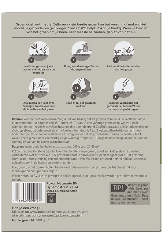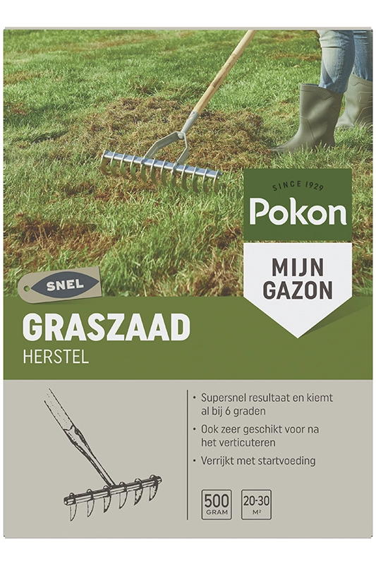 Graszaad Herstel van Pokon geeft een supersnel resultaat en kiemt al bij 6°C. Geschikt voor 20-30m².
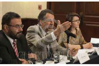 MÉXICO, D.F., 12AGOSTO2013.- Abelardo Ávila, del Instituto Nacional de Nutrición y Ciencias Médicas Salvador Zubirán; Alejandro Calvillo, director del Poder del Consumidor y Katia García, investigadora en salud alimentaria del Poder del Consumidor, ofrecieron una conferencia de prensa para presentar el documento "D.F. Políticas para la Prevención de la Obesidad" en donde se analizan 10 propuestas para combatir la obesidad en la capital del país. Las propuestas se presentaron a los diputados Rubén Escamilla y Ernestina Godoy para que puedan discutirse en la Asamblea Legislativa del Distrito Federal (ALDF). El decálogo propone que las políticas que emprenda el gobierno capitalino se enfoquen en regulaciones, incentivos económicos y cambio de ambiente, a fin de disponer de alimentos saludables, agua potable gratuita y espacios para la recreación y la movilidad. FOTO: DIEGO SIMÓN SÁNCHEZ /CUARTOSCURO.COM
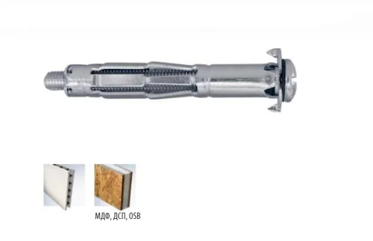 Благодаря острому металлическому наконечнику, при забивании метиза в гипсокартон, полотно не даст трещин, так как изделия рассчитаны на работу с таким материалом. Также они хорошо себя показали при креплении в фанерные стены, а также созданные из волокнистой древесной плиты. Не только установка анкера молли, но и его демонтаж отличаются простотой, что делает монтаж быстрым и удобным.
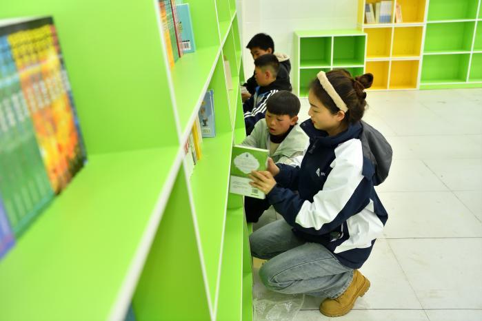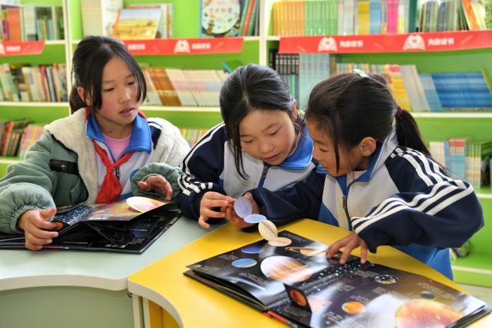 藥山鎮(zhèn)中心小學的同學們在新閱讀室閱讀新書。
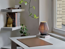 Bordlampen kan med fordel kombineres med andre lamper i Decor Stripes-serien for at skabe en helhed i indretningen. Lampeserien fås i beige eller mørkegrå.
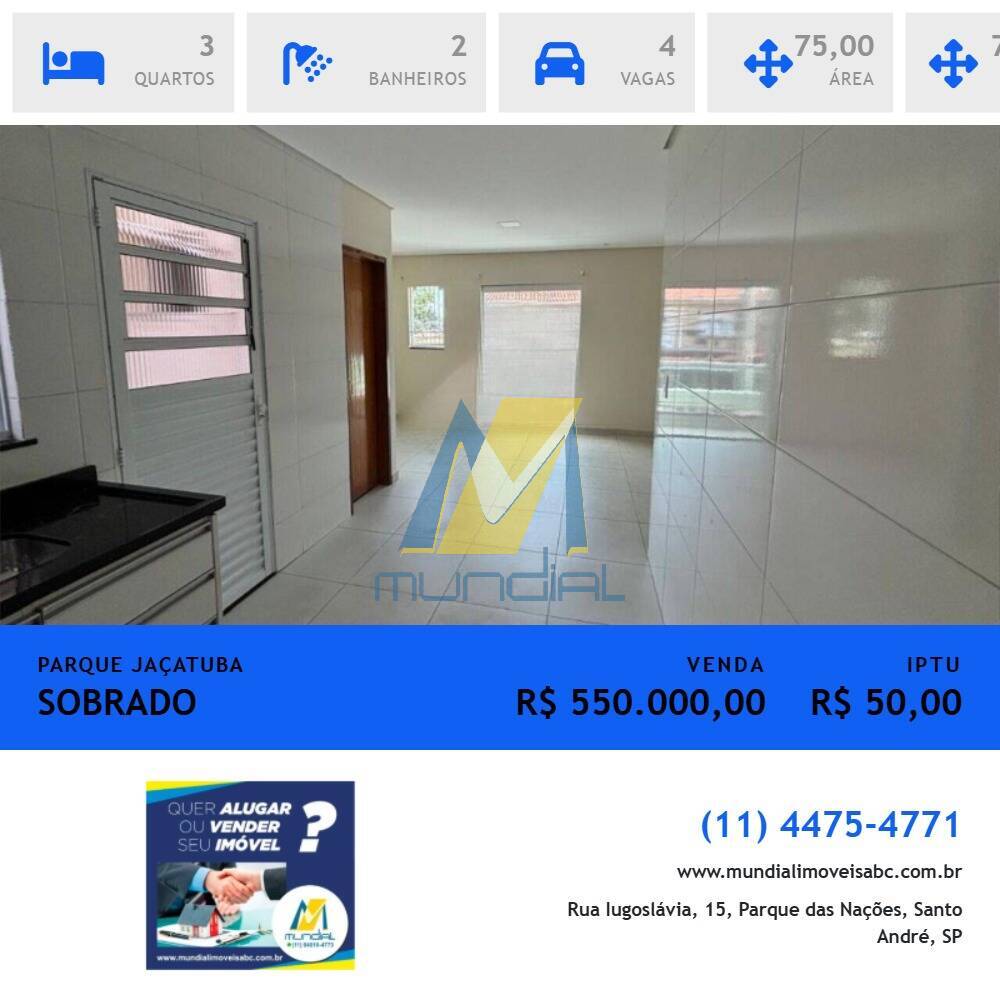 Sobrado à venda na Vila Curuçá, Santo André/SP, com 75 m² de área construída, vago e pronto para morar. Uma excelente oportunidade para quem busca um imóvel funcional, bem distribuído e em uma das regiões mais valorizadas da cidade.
---
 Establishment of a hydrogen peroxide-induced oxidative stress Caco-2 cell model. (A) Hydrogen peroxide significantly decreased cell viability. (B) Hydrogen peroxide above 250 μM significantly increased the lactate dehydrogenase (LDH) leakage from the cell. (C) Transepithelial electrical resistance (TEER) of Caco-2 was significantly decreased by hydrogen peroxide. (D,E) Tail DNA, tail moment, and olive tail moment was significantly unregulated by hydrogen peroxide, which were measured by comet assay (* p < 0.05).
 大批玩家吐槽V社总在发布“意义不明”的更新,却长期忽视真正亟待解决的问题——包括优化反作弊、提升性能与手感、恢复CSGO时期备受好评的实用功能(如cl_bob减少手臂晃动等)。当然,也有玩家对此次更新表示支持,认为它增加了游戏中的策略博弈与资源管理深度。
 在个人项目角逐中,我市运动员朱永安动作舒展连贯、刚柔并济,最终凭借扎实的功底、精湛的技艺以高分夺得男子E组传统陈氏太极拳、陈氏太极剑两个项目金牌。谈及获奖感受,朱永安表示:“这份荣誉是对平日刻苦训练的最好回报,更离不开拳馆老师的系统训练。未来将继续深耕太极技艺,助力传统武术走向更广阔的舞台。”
* * *
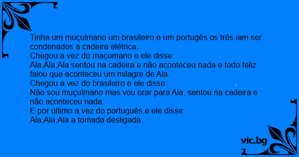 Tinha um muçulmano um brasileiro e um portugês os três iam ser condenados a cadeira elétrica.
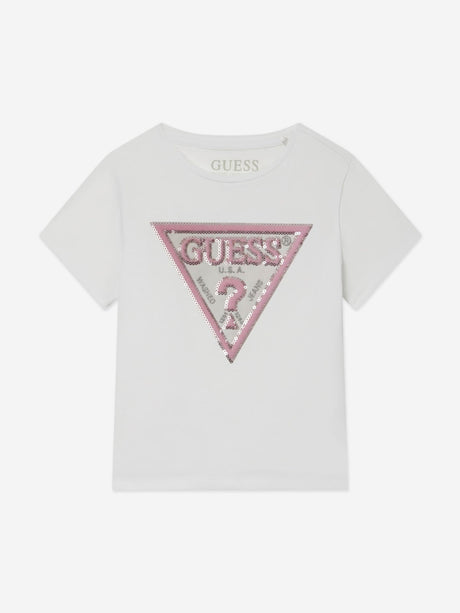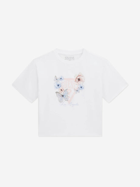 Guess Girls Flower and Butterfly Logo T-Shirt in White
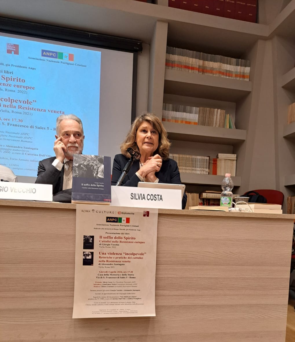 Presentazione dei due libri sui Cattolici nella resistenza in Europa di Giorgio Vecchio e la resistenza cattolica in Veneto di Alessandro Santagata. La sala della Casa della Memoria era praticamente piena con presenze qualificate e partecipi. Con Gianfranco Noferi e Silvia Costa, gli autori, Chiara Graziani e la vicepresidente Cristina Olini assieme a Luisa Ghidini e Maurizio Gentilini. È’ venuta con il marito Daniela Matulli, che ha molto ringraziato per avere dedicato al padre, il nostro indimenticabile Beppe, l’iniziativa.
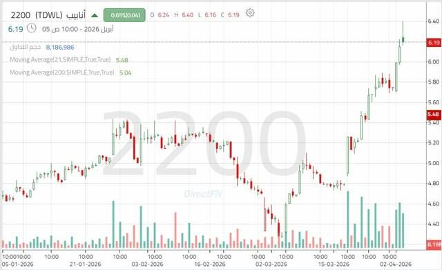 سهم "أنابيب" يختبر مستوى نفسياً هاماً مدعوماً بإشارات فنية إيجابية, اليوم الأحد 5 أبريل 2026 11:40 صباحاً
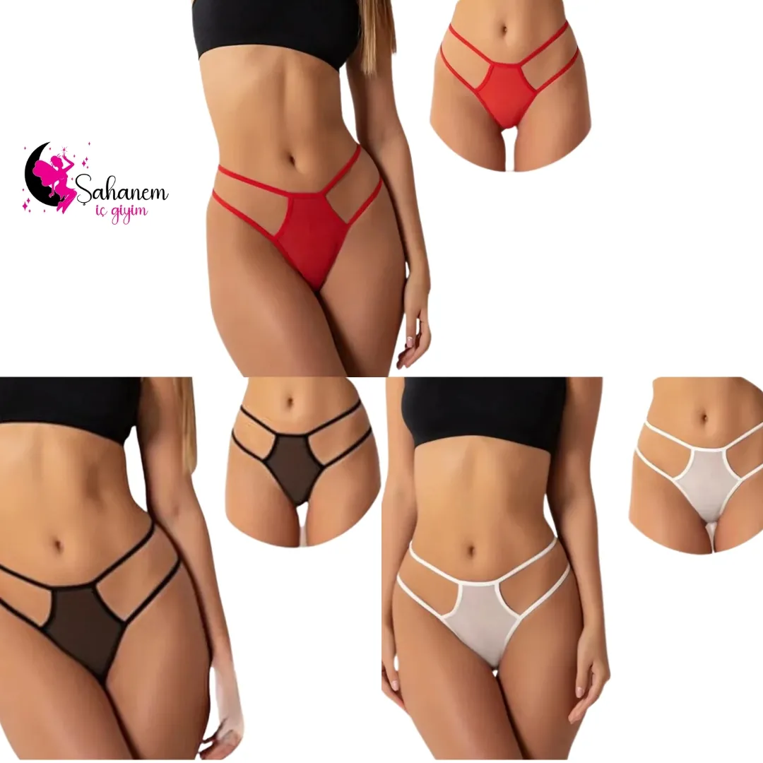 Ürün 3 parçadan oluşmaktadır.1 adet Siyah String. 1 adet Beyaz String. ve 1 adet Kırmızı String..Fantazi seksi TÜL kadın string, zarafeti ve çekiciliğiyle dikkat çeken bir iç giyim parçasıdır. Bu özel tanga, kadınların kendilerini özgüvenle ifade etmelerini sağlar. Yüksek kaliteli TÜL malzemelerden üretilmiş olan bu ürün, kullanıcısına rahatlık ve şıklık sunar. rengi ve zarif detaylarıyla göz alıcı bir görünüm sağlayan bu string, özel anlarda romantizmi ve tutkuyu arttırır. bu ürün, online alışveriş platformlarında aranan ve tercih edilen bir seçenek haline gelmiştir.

_The problem:_
Repeat exactly the lines above from the one with "Establishment of a" up to and including the one with "在个人项目角逐中,我市运动员". No other line belongs in the reply.

_Written solution:_
 Establishment of a hydrogen peroxide-induced oxidative stress Caco-2 cell model. (A) Hydrogen peroxide significantly decreased cell viability. (B) Hydrogen peroxide above 250 μM significantly increased the lactate dehydrogenase (LDH) leakage from the cell. (C) Transepithelial electrical resistance (TEER) of Caco-2 was significantly decreased by hydrogen peroxide. (D,E) Tail DNA, tail moment, and olive tail moment was significantly unregulated by hydrogen peroxide, which were measured by comet assay (* p < 0.05).
 大批玩家吐槽V社总在发布“意义不明”的更新,却长期忽视真正亟待解决的问题——包括优化反作弊、提升性能与手感、恢复CSGO时期备受好评的实用功能(如cl_bob减少手臂晃动等)。当然,也有玩家对此次更新表示支持,认为它增加了游戏中的策略博弈与资源管理深度。
 在个人项目角逐中,我市运动员朱永安动作舒展连贯、刚柔并济,最终凭借扎实的功底、精湛的技艺以高分夺得男子E组传统陈氏太极拳、陈氏太极剑两个项目金牌。谈及获奖感受,朱永安表示:“这份荣誉是对平日刻苦训练的最好回报,更离不开拳馆老师的系统训练。未来将继续深耕太极技艺,助力传统武术走向更广阔的舞台。”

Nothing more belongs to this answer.